It’s an old cycle by now—an artist like Monet or Picasso or de Kooning reaches an advanced age, their work changes, and people dismiss them as infirm has-beens. Then a few decades go by and suddenly people realize that this late work is really incredible art. Considering that you’ve worked with artists of all ages over a long course of time, what does the arc of an older artist's work look like?

Well, it’s fascinating because, you know, they know they’re running out of time, so they do it quicker. In Birnbaum’s case, he did these memory paintings, and he didn’t have time to put in the landscape—he just put the figures, so they’re all floating and it’s much looser. It’s not quite as perfect—it’s more Expressionist in a way. 

That doesn't sound like the kind of thing you can teach in art school.

If you go through school, you’re thinking, “Where am I?” You’re looking around so much—you’re trying to absorb the whole of the art world. I think a lot of people get tripped up when they’re making their work from the outside, when they’re looking around too much—thinking, “This could be successful, and I’ll take a little bit of this, a little bit of that”—instead of looking inside. It’s the front-door, back-door thing. I like the people who pull it from within, no matter what their style or age. Because you can see that in younger people, too, who just have a strong belief in themselves—the kind of diehard individual who has to make these things, and who has an internal motor.

I made all sorts of art up until I was almost 50, and I kept slugging away and making all sorts of things with more or less success in different areas, but I never really showed my work. I guess the circumstances weren’t right, but I thought it was all from within me, and it looks good. I’m actually going to show my own work for the first time in 20 years with Mitchell Algus soon. It’ll be conceptual photographs that I made in ’78, and they’re still pretty good.

That sounds like a landmark event. But what you’re saying reminds me of that Picasso quote: "It took me four years to paint like Raphael, but a lifetime to paint like a child." 

I don’t think you have to unlearn things, but you have to get what’s true to you. And we notice it—when you’re looking at all sorts of work, you sense when there’s a kind of urgent internal need for a person to make something. I’m attracted to the true eccentrics, the born artists who couldn’t stop making stuff.  In reality they’re the people who made this country interesting. 

Like the Reverend St. Patrick Clay. We were driving down this street in Columbus, Ohio, and in the middle of nowhere this guy had used egg-crate foam to build a really goofy cactus on his front lawn and spray-painted it green, so he had a cactus sticking up in his yard. We put on the brakes, knocked on the door, and there he was. 
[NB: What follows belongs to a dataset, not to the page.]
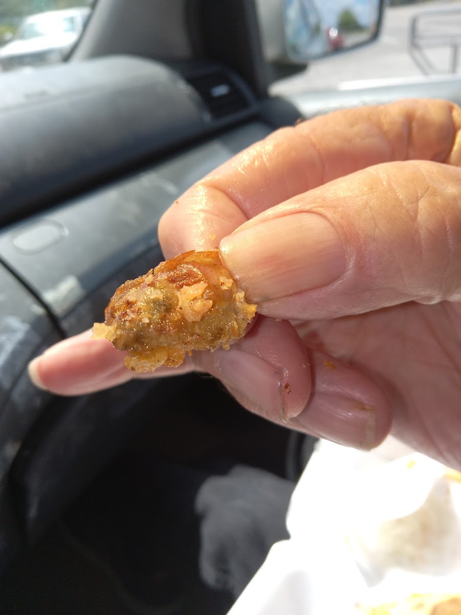 They have a drive-thru the food was hot The food is inexpensive and the food is good. I would say the green beans are straight out the can but add a little salt and pepper you'll be fine. The crab cake that they gave me could have been cooked a little more but it had a good taste. Overall good little place to stop when you're on 20 going east or west

He was a coal miner who had visions of cactuses—even through he was from Virginia and had never been out West—and everything he made was cactus. It was hilarious. I still have some of that stuff. It was really funky and East Village-looking and bizarre. I had luck with him. We started organizing shows, and I brought his work to Sweden. Actually, his work made its way into the background of Eddie Murphy’s Boomerang. 

How on earth did that happen?

How? I sold some of his stuff in New York City and it got out there—someone who was doing sets for movies saw it in someone’s apartment and rented it.

That must have been an unexpected development for the Reverend. What did he make of it?

He hated it, in fact, because the movie was so profane. Here was this guy whose root was religion, and he thought the movie was awful. There’s stuff in there that a Reverend wouldn’t be interested in. [Laughs] But, I thought it was an achievement. The director even zoomed in on one piece in a scene, and it filled the whole screen. 

Who were some other artists you discovered?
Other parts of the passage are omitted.